Francesca blinked. ‘Who told you that?’

‘It’s not true?’ he countered coolly.

‘No, it’s not! Not in that sense—I wasn’t banished. If you think my father can afford to moralise to me—’ She stopped abruptly.

‘Go on—so there was no married man?’ Francesca stared at him, then said wearily, ‘Yes, there was, but, believe me, it was he who was making a nuisance of himself, not the other way around.’

Their gazes locked and held, and Francesca’s deep blue eyes did not waver. Nor did they hide her sense of outrage.

This caused Raefe Stevensen to smile briefly and say, ‘So why did you do this?’

‘For the sheer pleasure of proving to you that I am not useless,’ she said proudly.

He raised an eyebrow. ‘I must have hit quite a nerve.’

‘And I presume it would be too much to expect for you to admit that you may have made a mistake about me, but it doesn’t matter,’ she said swiftly, and stood up. ‘As they say in Asia, I hope you have an interesting life, Mr Stevensen. Your brand of arrogance certainly deserves it!’

But he only laughed softly. ‘Chessie,’ he remonstrated, still grinning, ‘you have a very short memory! Are you not the girl who started all this by threatening to buy out my means of livelihood and have me sacked? If that’s not arrogance...’ He shook his head wryly.

Francesca clenched her fists, and he watched with interest the effort she made not to take the bait. ‘Look, I’m going,’ she said. ‘I’ll tell them whatever I please, and—’

He interrupted her to say, ‘I’ve got another idea. Why don’t you stay for a couple of weeks?’

‘Oh, no. Oh, no! How can you possibly—?’

‘Perhaps we could start again,’ he said smoothly.

‘Start again? You’ve got to be joking.’ Her glance was withering.

‘No, I’m not.’

‘And neither am I. You seem to forget that all I did was take exception to being kept waiting for so long—the first utterly arrogant action in this duel if you ask me—’
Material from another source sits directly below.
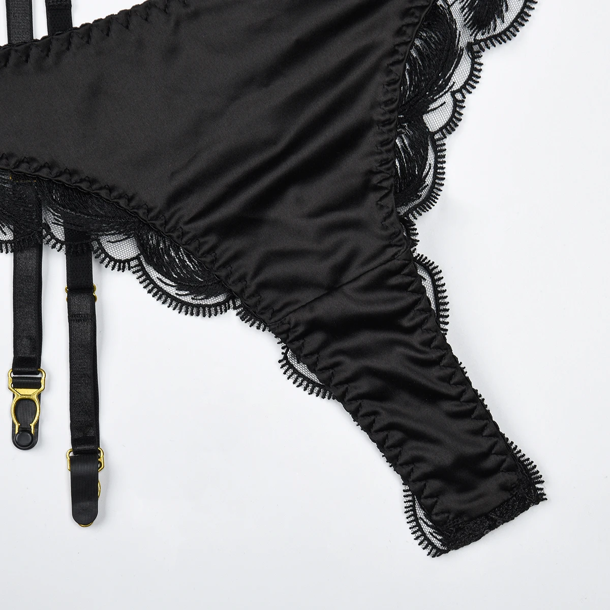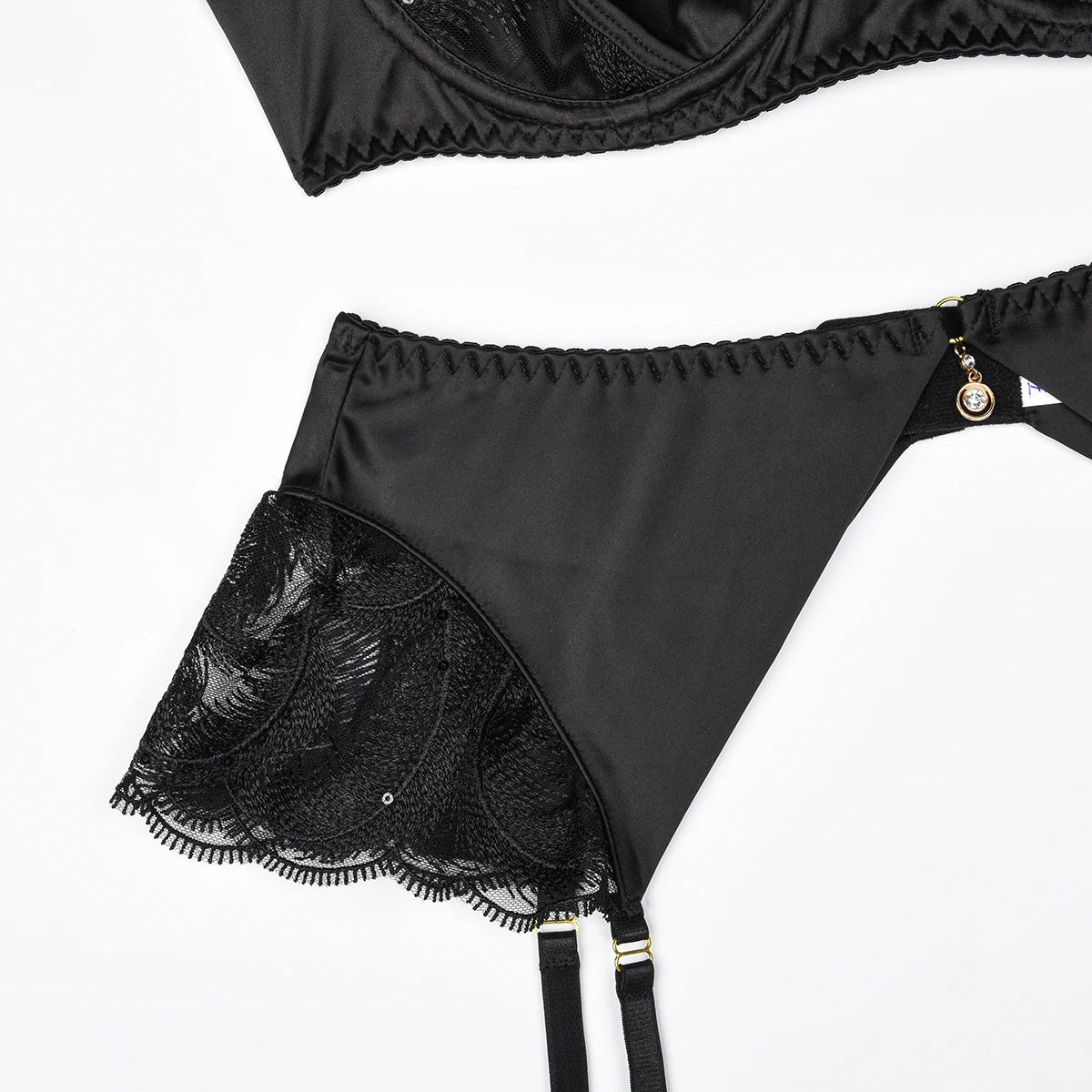 Ensemble de lingerie 4 pièces avec pendentif à volants en satin 7.0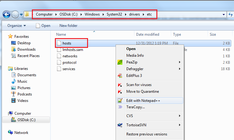 Go to C:\Windows\System32\drivers\etc and locate the hosts file.

‘I was on the phone,’ he said mildly.

‘And you surely don’t believe what I said was anything more than a retaliatory tactic?’ she shot back. ‘Whilst you...you insulted me, kissed me against my will and this morning took the unbelievable liberty of—of undressing me with your eyes, which is to put it very mildly. No. And don’t bother to offer to pay me either, Mr. Stevensen. This—baggage—would rather you owed her one.’ She turned on her heel.

‘There wasn’t a lot of you left to undress,’ he said. ‘But—I apologise for that.’